In jaren waarin de marktpositie van de OPEC groeit, stijgt meestal de prijs van olie. In theorie hoeft het kartel de olieproductie maar met 10% terug te brengen om de olieprijs te laten verdubbelen. Veel hangt echter af van de discipline binnen het kartel. Op dit moment heeft OPEC meerdere keren de productie verlaagd. In juli was dat 1 miljoen vaten per dag minder en augustus is waarschijnlijk nog wat lager. Samen met eerdere productieverlagingen heeft OPEC daardoor nu een reservecapaciteit van ongeveer 5 miljoen vaten per dag. Dat is het hoogste niveau in 20 jaar (afgezien van de coronaperiode).

Het resultaat is vooral terug te zien in de termijncurve voor olie. Op korte termijn blijven de prijzen hoog, maar wat verder weg in de tijd wordt olie goedkoper. Nu is olie meestal ‘in backwardation’ en het gevolg van de huidige OPEC strategie is dat de curve meer invers wordt. Voor beleggers die olie op termijn kopen, betekent dit een hoger rolrendement.

Alternatief voor olie

Een beter alternatief voor een rechtstreekse belegging in olie is een investering in geïntegreerde oliebedrijven. Die profiteren ook van de hoge raffinagemarges. De aandelen van deze bedrijven zijn gewaardeerd alsof olie op 50 dollar per vat staat. Europese oliebedrijven zijn zelfs nog wat goedkoper.
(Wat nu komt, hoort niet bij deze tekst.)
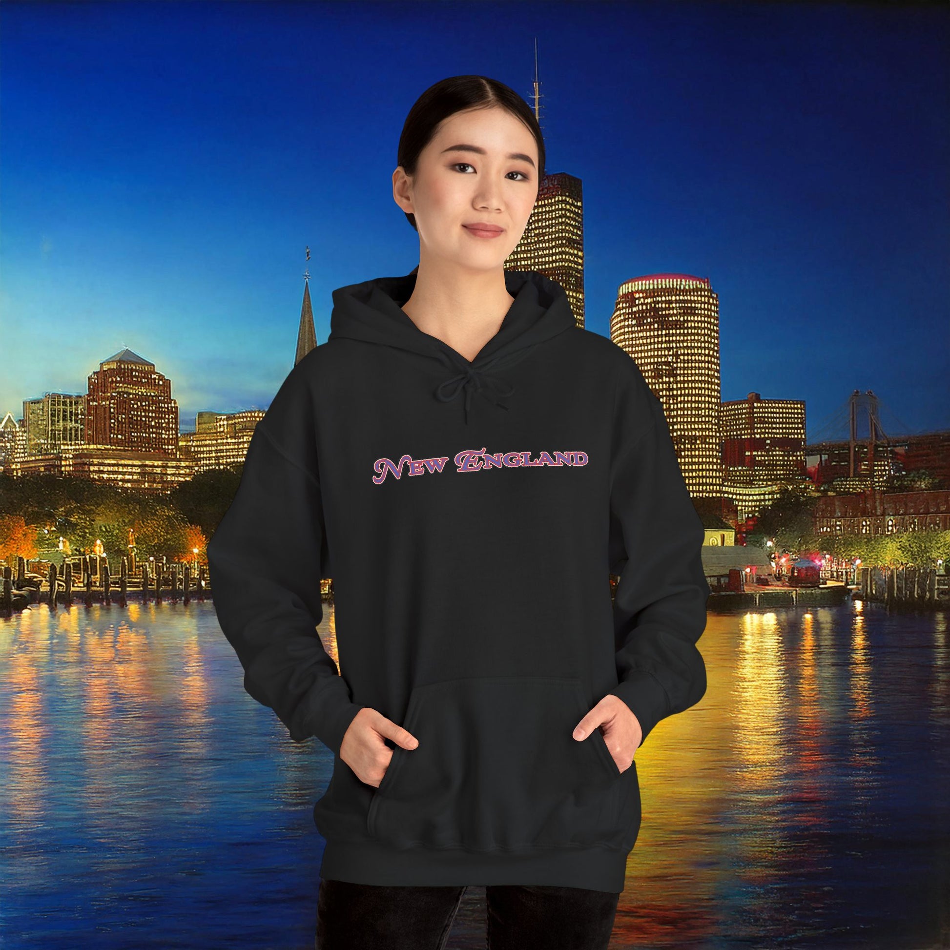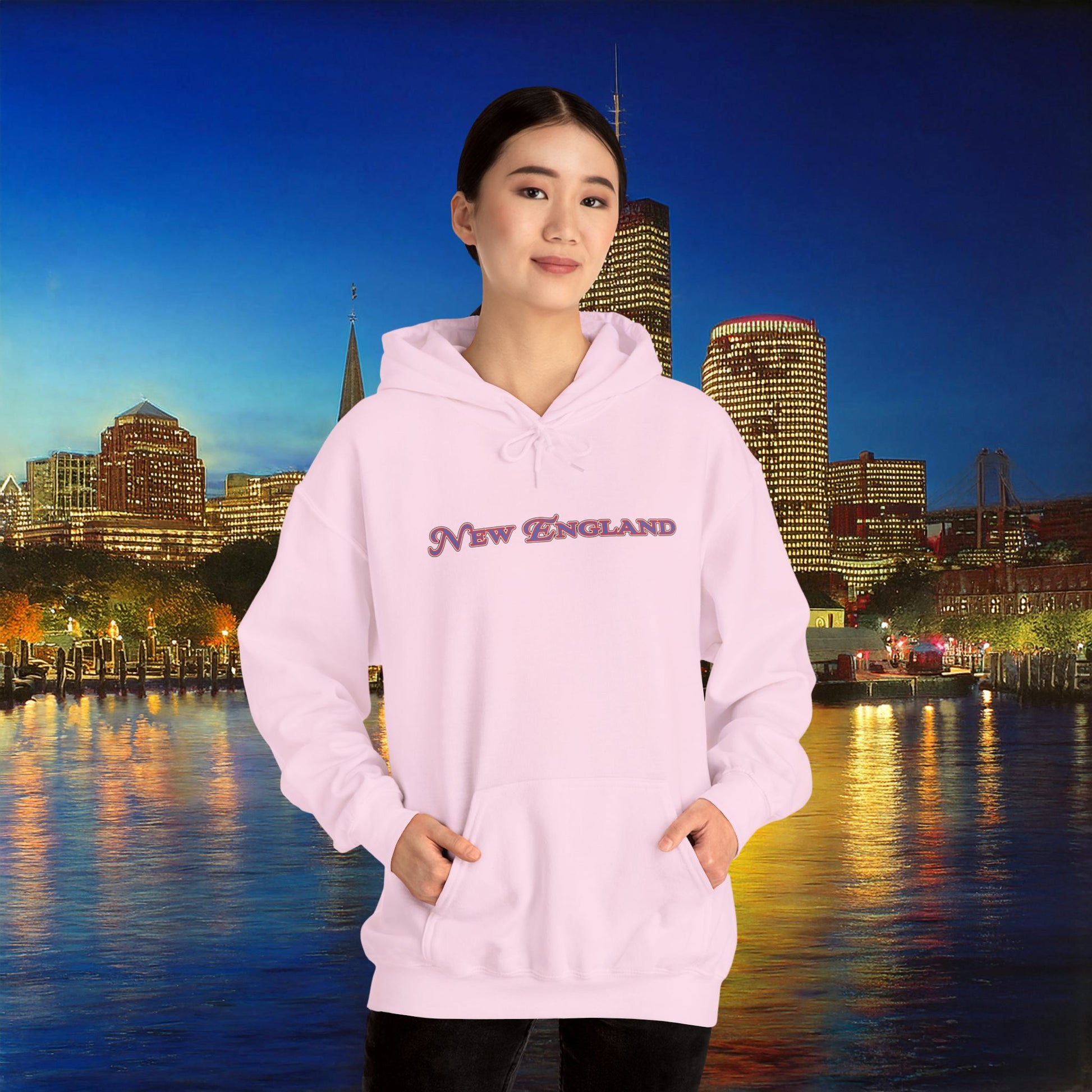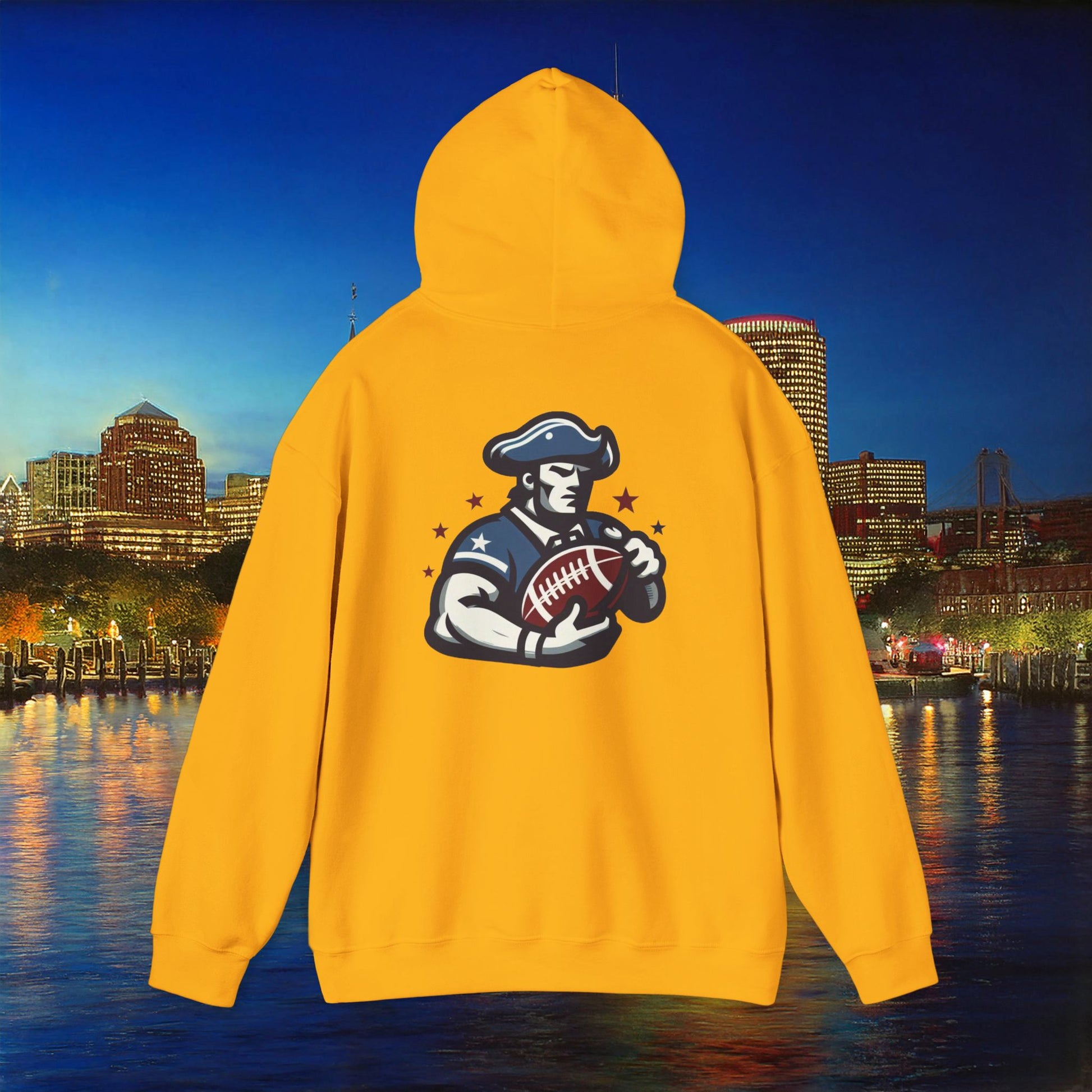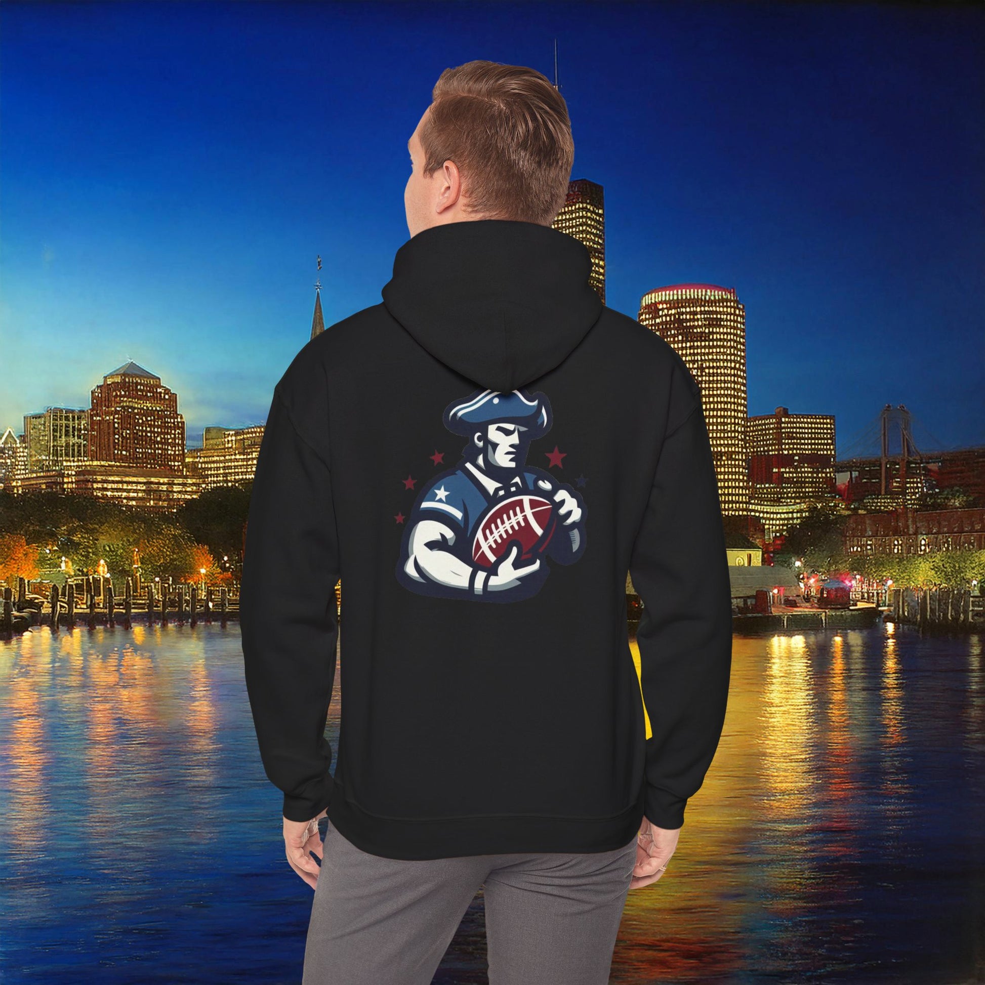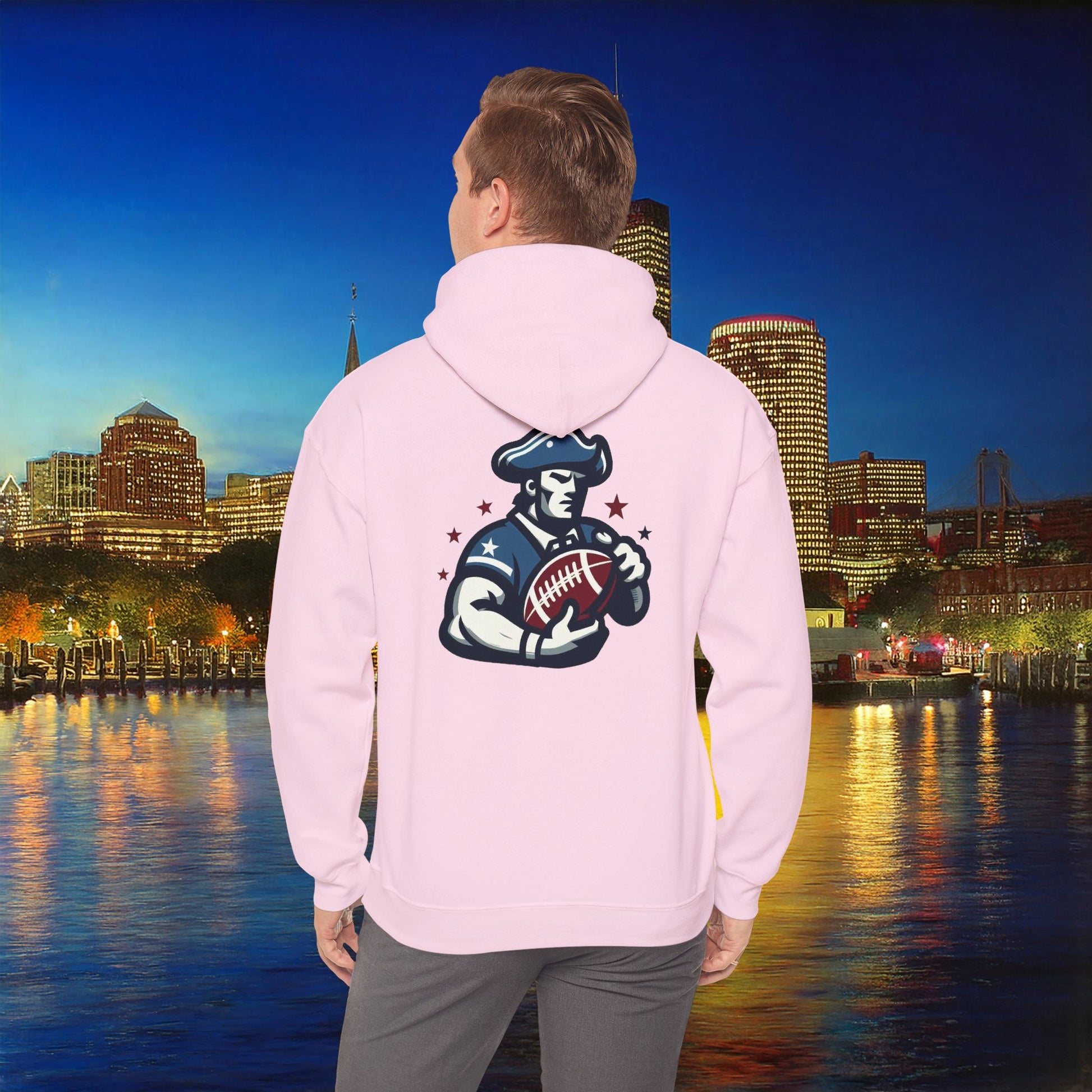 Soft, roomy, and built for chilly game days — this classic hoodie carries a vintage New England spirit. The front shows a subtle, old-school “New England” script that sits low and confident, while the back features a bold, retro patriot holding a football surrounded by stars. Wear it layered over a tee on crisp mornings or throw it on after practice; the pouch pocket and double-lined hood keep hands warm and heat locked in. The look reads like hometown pride: a little rugged, a little nostalgic, and ready for tailgates, stadium walks, or weekend hangs at the local diner.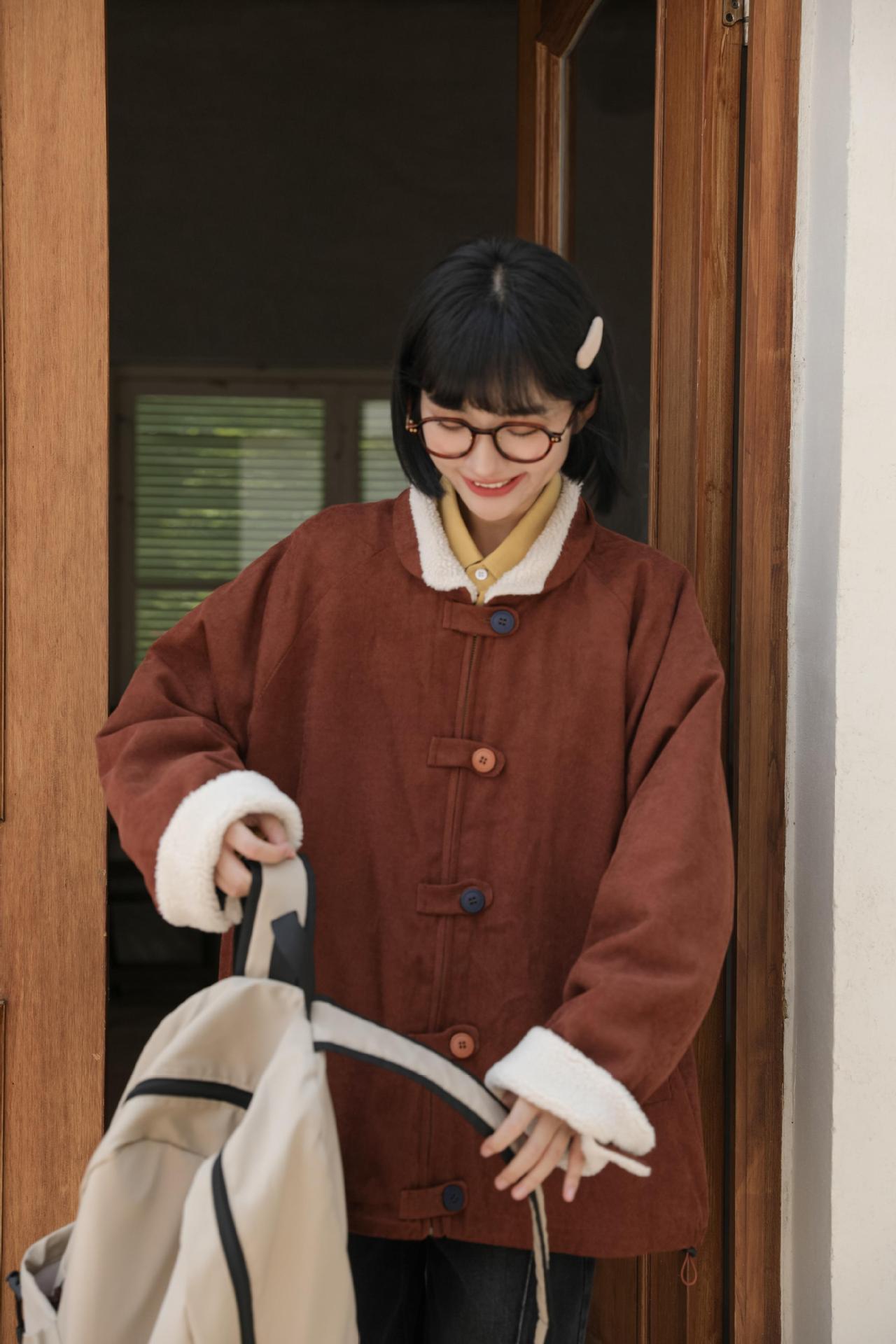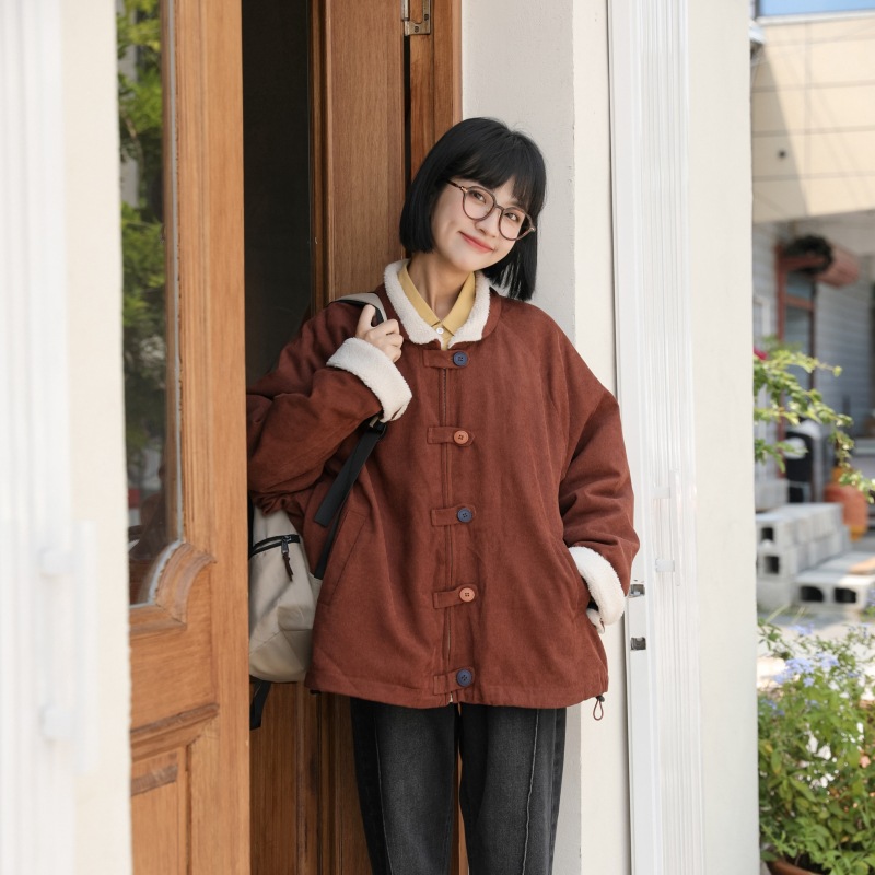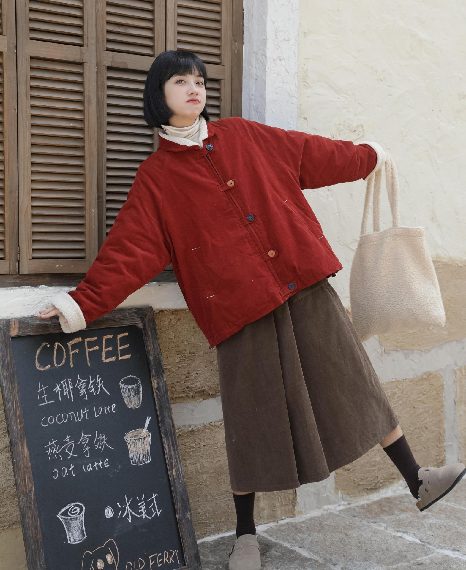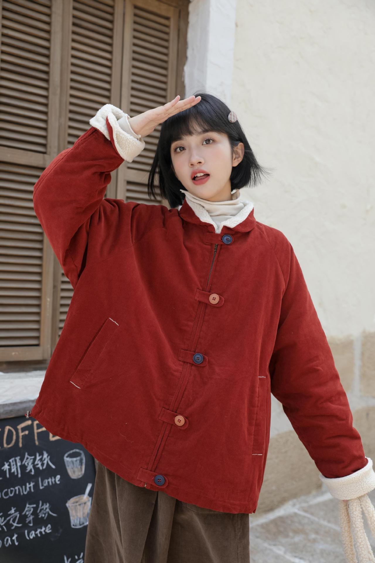 Actual Shot Of Winter Corduroy Japanese Retro Plush Lapel Thickened Design Cotton Coat For Women

Deze onderwaardering wordt mede veroorzaakt doordat beleggers niet meer willen investeren in oliebedrijven in het kader van de energietransitie. Dat is vreemd, want de energietransitie is niet mogelijk zonder de medewerking van deze oliebedrijven. Dáár zitten de kasstromen, de kennis van grote projecten en de ingenieurs om van de energietransitie een succes te maken.

Geleidelijk krijgen beleggers belangstelling voor deze onderwaardering, geholpen door de stijgende olieprijs. Verder worden ze ook geholpen door de opvallend grote posities in de portefeuille van Warren Buffet. Die bezit inmiddels 25% van Occidental Petroleum. Hij heeft toestemming van de Energy Regulatory Commission om tot 50% van Occidental te kopen, maar Buffett heeft aangegeven dat hij niet op zoek is naar een meerderheidsbelang. Toch vreemd, dat de institutionele beleggers die de oliebedrijven hebben verkocht vanwege de energietransitie deels hebben herbelegd in Berkshire Hathaway, Buffets beleggingsvehikel.